Lynnette at Zelophehads Daughters has a great post about scupulosity–being overly concerned with personal sin. Recommended reading for any of you who might be obsessing over faults to correct  with a list of New Year’s resolutions.

Most Inclusive Christmas Pageant Ever

Sunday, George and I attended morning service at First Unitarian Church in Salt Lake. I nearly ran back to the parking lot when I read the program.  The children of the congregation would be performing a Christmas Pageant!

I’ve endured far too many Primary programs throughout my lifelong membership in the Mormon fold. Even when it’s no longer my own children picking their noses or punching friends on the stand, I find these programs painful. I feel for teachers trying to keep children who are naturally as active as fruit flies in mating season quiet through 20 minutes of opening exercises and the sacrament service preceding the Primary part of the program.

The children labor through hymns and Primary songs they’ve rehearsed for months—and are heartily sick of. Those with speaking parts take turns at the microphone to recite or read a formulaic talk written by a parent. Shy kids cry or freeze into mortifying silence. Little hams hog the spotlight—grasping the microphone like budding rock stars. I voice a hearty “Amen!” as the closing prayer signifies the torture is over for another year.”

I’m sure there are wards where Primary programs with perfectly disciplined children come off without a hitch, but I haven’t lived in any of those.

Last Sunday was cold and snowy, so George and I decided to endure the children’s pageant rather than trudge back out into the weather. This pageant was unusually inclusive. The miraculous births of Buddha and Confucius were dramatized as well as the more familiar nativity. Little elephants, unicorns, and dragons as well as the more customary shepherds and angels performed. Maybe performance was the key to this child-centered program—kids acting rather than sitting with folded arms waiting for a turn to sing or deliver a talk.

A beautiful four-month-old baby played Baby Jesus. Fortunately, real babies were not used to depict the other infants. The mothers of Buddha and Confucius snatched their miraculously-delivered doll babies as roughly as Imogene Herdman in Barbara Robinson’s The Best Christmas Pageant Ever.

Having Jesus share the stage with two other religious founders might be inappropriate for traditional Christians, but I found it spiritual. The adult narrator closed with the message that the purpose of these stories is to share ancient wisdom—to deepen our understanding of and compassion for others. A great message for Christmas or any other day.

Christmas Message

After watching the PBS presentation of From Jesus to Christ , George said, “That show really does a number on religious belief.” Then he thought a minute and said, “No, what it does is give people a different way to think about Christianity.”
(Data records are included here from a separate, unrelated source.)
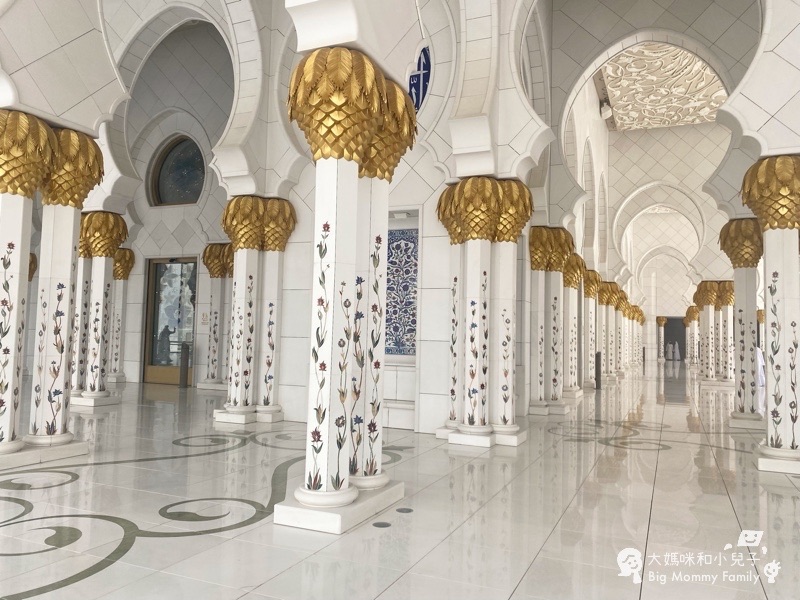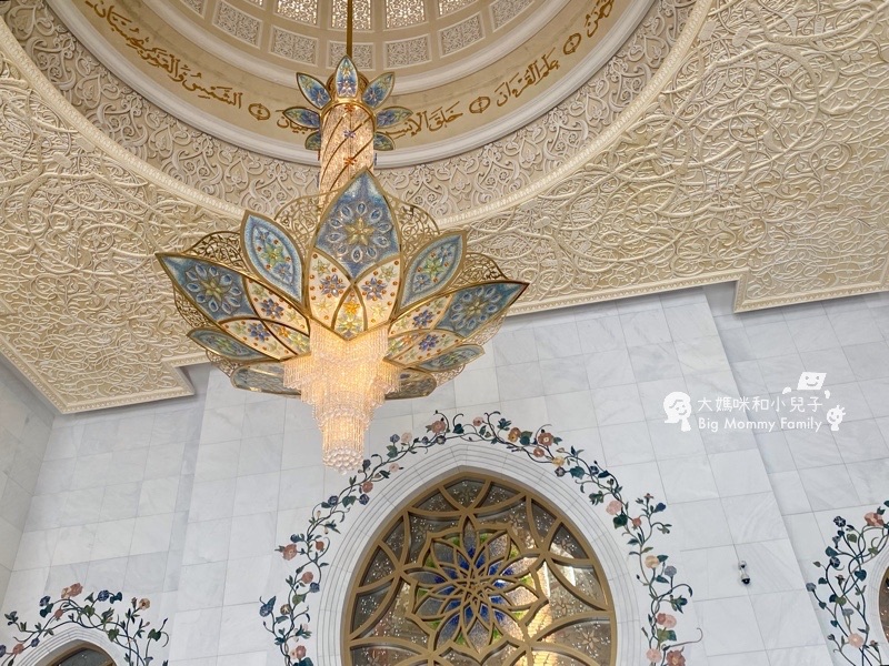 Sheikh Zayed Grand Mosque 大清真寺除了宏偉的雪白外觀,最著名的就是超級無敵豪華內裝,但實際參觀下來,覺得一點都不庸俗,精湛的手工藝令人嘖嘖稱奇,溫潤白色的大理石底、彩色的石材花兒、綠色系的超大地毯、很華麗(夠亮)但設計不誇張的水晶照明等,這些巨大的人工項目,融合得非常好,讓清真寺的內部非常溫柔細緻壯觀肅穆,不枉費我大費周章從台灣來啊!
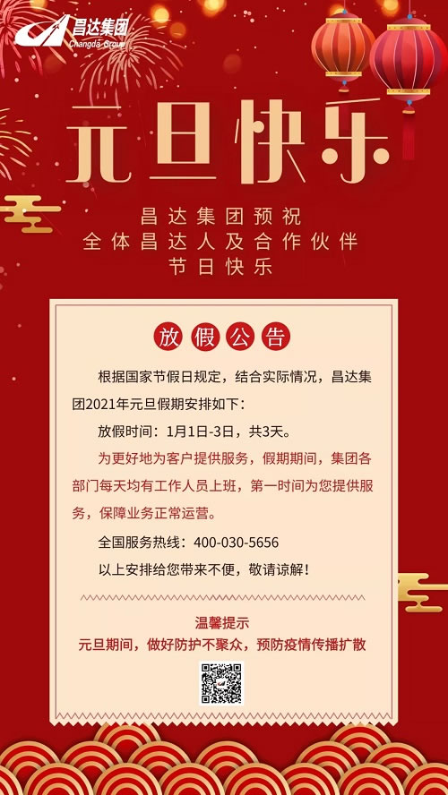 昌達集團元旦假期公告
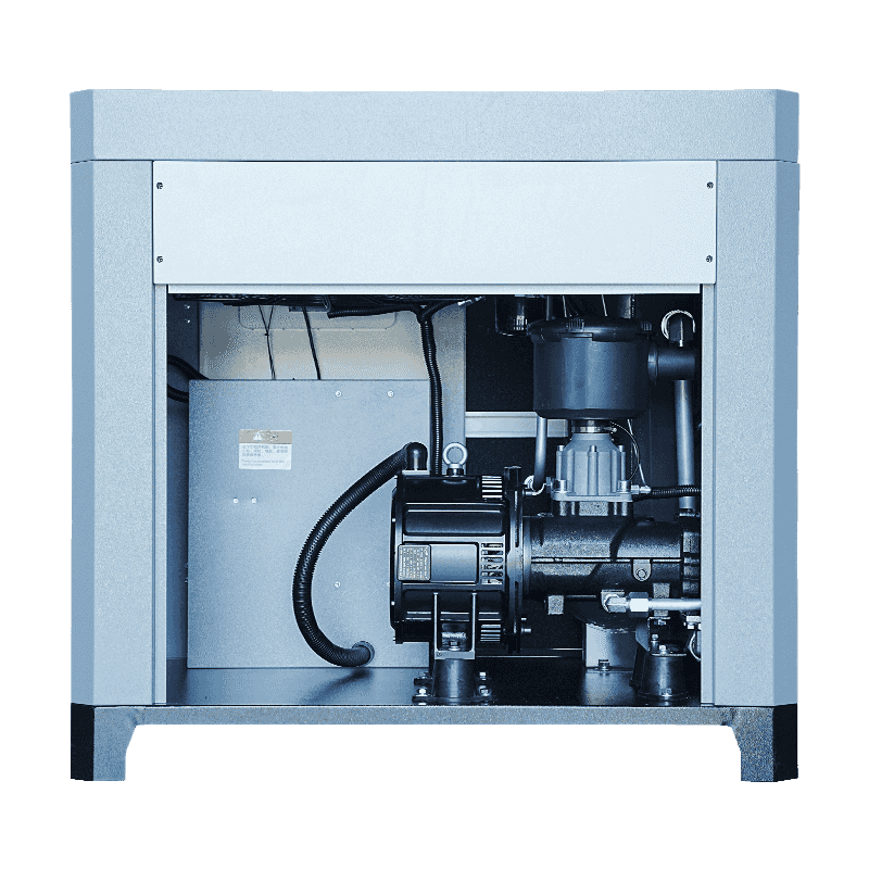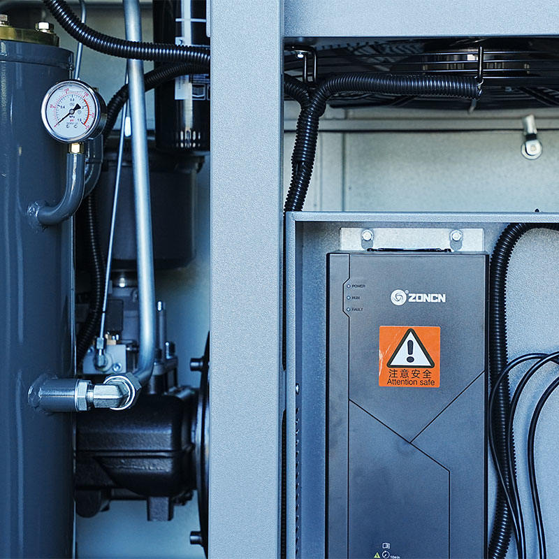 Mikroolejový dvojskrutkový jednostupňový kompresor s výkonom 30 HP obsahuje synchrónny motor s permanentným magnetom s ochranou proti nízkemu nárastu teploty a systémom riadenia frekvenčnej konverzie, pričom obe tieto funkcie ovplyvňujú vibračné charakteristiky. Priama a efektívna interakcia medzi motorom a skrutkovým rotorom zaisťuje hladký prenos krútiaceho momentu a zároveň znižuje mechanické kmitanie počas štartovania, prevádzky alebo spomalenia. Technológia frekvenčnej konverzie navyše umožňuje stroju postupne zrýchľovať a spomaľovať, čím sa minimalizujú náhle skoky krútiaceho momentu, ktoré môžu spôsobiť nežiaduce vibrácie. Mikroolejový mazací systém ďalej stabilizuje vnútorné komponenty znížením trenia medzi pohyblivými časťami. Výsledkom je, že hoci v určitých prostrediach môžu byť stále potrebné vonkajšie konštrukcie pohlcujúce vibrácie, vnútorná architektúra kompresora už poskytuje základ pre vyvážený a stabilný chod.

George is right. While modern scholarship has never supported the supernatural claims of Christianity—or any other religion—historical research does not destroy the basic message of Jesus. Scholarly analysis may actually help those who can’t wrap their heads around supernatural events but can still appreciate the life and teachings of an historic person.

From my perspective, the major benefits of religion are not the hope for an existence beyond this life. What I value is the way religion can teach us reverence for what we can’t explain. Religion can teach us that we are part of something greater than ourselves—that we are connected to each other, to the earth which nurtures us, and to all its inhabitants. This realization is the beginning of true humility.

Some Christians believe in the virgin birth and in a literal atonement and resurrection. Some do not. Most of us can appreciate the symbolism of love, peace, and hope which the Christmas story gives. For me the life of Jesus is more important than the birth. I value the compassion which he exemplified and taught. I marvel at the calmness with which he answered accusers threatened by his message of social justice—and the peace with which he faced his unjust death.

We are free to believe as much or as little of the Christmas story as we want. What we cannot do, and still honor Jesus, is to criticize those who don’t interpret his life and message exactly the same way we do.

Obama’s Religion

For an insightful blog on the religious implications of the President’s Newtown speech, check out this post on Doves and Serpents.

Checklist Religion

I asked our home teachers how “Wear Pants to Church Day” went in our ward. As I expected, the day was ignored in our traditional neighborhood. I didn’t participate because, although I support sisters who want to make a statement about gender inequality in the Mormon fold, I just can’t force myself to sit through tedious meetings in order to do so.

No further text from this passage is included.